Why do we do this? When you take trash to the curb, do you keep bringing it back in the house, tearing open the bag and inventorying it so you can be shocked at what used to be in the house and what you just brought back in? Or do you realize that you will not get left at the curb with the trash, but will in fact be better able to live in the house without it?

It's hard for some to separate the "stuff" from the person because we have assumed for so long that the stuff is the person. So at this point, it's only living in your head. Get rid of it. No matter what your father has done, call him. Really. Forgive him. Really. You don't have to hang with him, but get over it and get on with it.

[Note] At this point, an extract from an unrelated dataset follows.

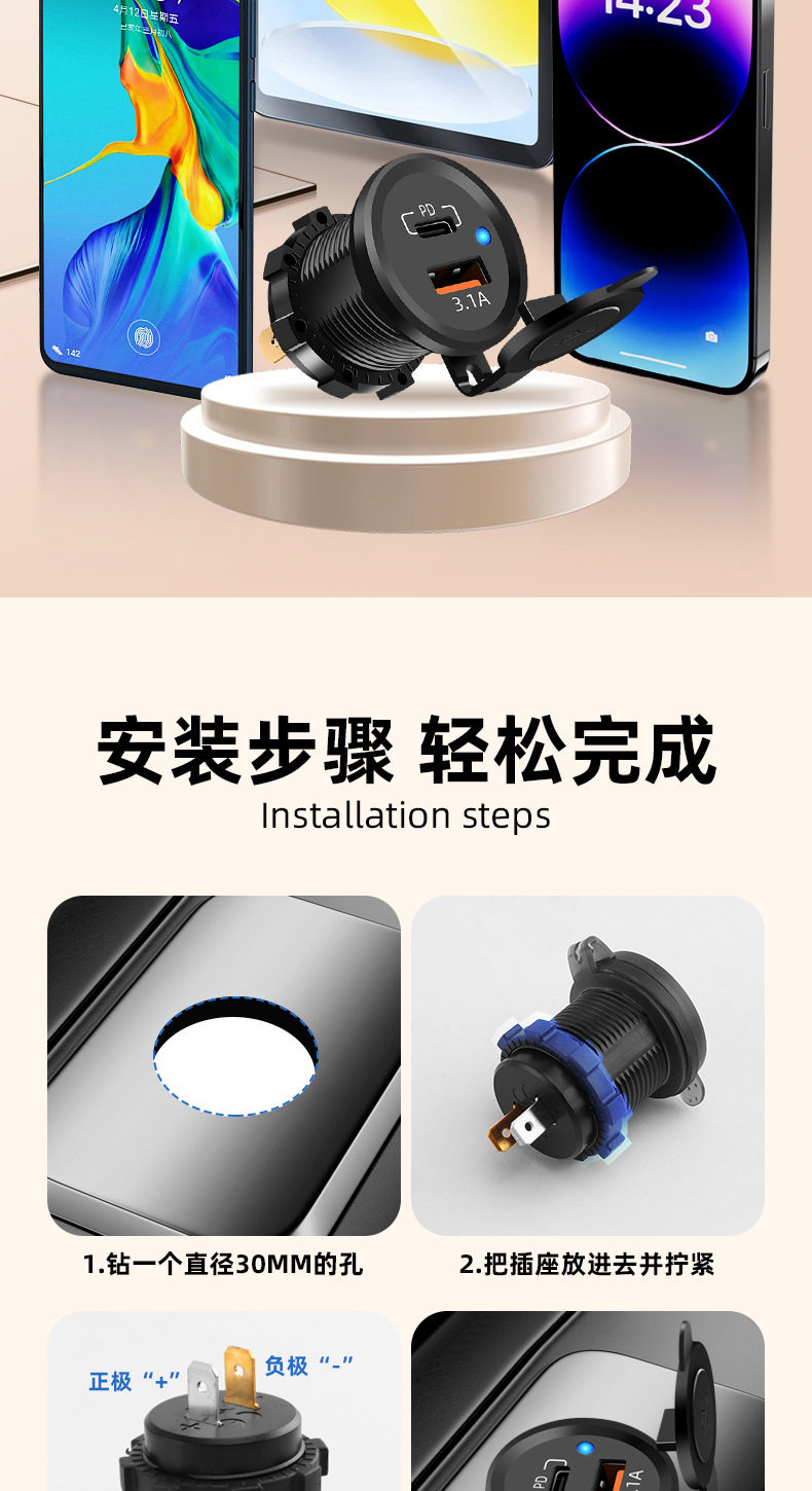 | Color | Pd+usb car charger with indicator light,Dual usb car charger with indicator light |
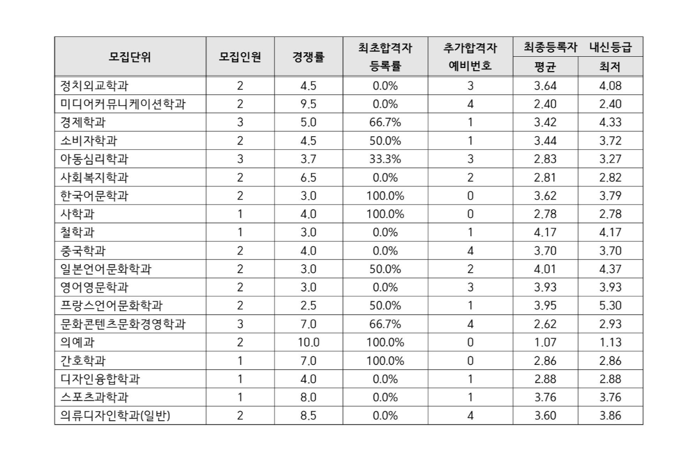 최종등록자 평균 내신 등급: 2등급 초반~3등급 초반

I didn't always get along with my dad as I was growing up. My brothers and I were typical ungrateful kids who didn't realize how hard our parents worked for us, or how much of their own lives they sacrificed to provide for us. My dad could be verbally abusive, although no worse than most. I see that now. At the time, however, I thought I hated him for being so mean and restrictive. He never smacked me unless I was really disrespecting and backtalking him and egging him on. I searched my journal and found an entry from 1985, after I'd grown up a little bit, and gotten over myself:

Happy Father's Day, Daddy.
You were unfair when I as a child, yet through my childlike eyes I judged you for it and saw not that you, too, were merely a victim and in your ignorance knew no other way to treat me.

Now that we're both older and wiser, we don't have those problems, or at least the confrontations no longer take place. Perhaps you are cowed at my own empowerment, or maybe I'm just a more formidable foe now. A man who mistreats a child is not to be hated, rather we should extend compassion for his lack of control.

So now we silently sit together five times a year, the Hallmark card placed like a holy icon between us, hoping to heal the past without mentioning it. I accept your unspoken apology as I see how frail you've become. Not so much in body, but in spirit. Beaten down from your own abuses coming back to haunt you, I needn't add to the burden, nor can I voice my forgiveness. You understand. We understand each other now and that's enough. And today, finally, I love you very much.
### end of journal entry

Daddy was an interesting character. In the February 2003 Horizons Magazine, I wrote that my elder brother Jerry had contacted me via email after 37 years. This was a surprise to me, considering that Daddy told me in the late 60s that Jerry had died in Vietnam. They'd had a falling out and apparently Jerry, age 18, was deemed the black sheep and got banished. In the meantime, he's been raising his own family and having his own father/son experiences, which I am sure are a trip.

Happy Father's Day, my Bratly Brother!
I'm so glad we're back in contact. We joke that we're really twins since we are so much alike, despite having been separated for almost 40 years. We both have studied various spiritual paths, both studied hypnosis and NLP, read many of the same authors, enjoy many of the same ideas and opinions. We play psychic games and test each other. He's very psychic as well, which can be aggravating when I want to be secretive. He's the best brother a girl could have, fer shizzle.

HAPPY SUMMER SOLSTICE! Summer solstice celebrates the earth, the feminine, and the yin forces. It's the longest day of the year and marks the first day of Summer in the northern hemisphere. In ancient times it was considered a time of fullness of life, worldly blessings and celebration. The beginning of summer represents a time for purification, renewal of the self, a time to release the sadness, fears and pains from your life. A time for purification and renewed energy. I'm ready for that.

Enjoy our offering this month. Hari Om.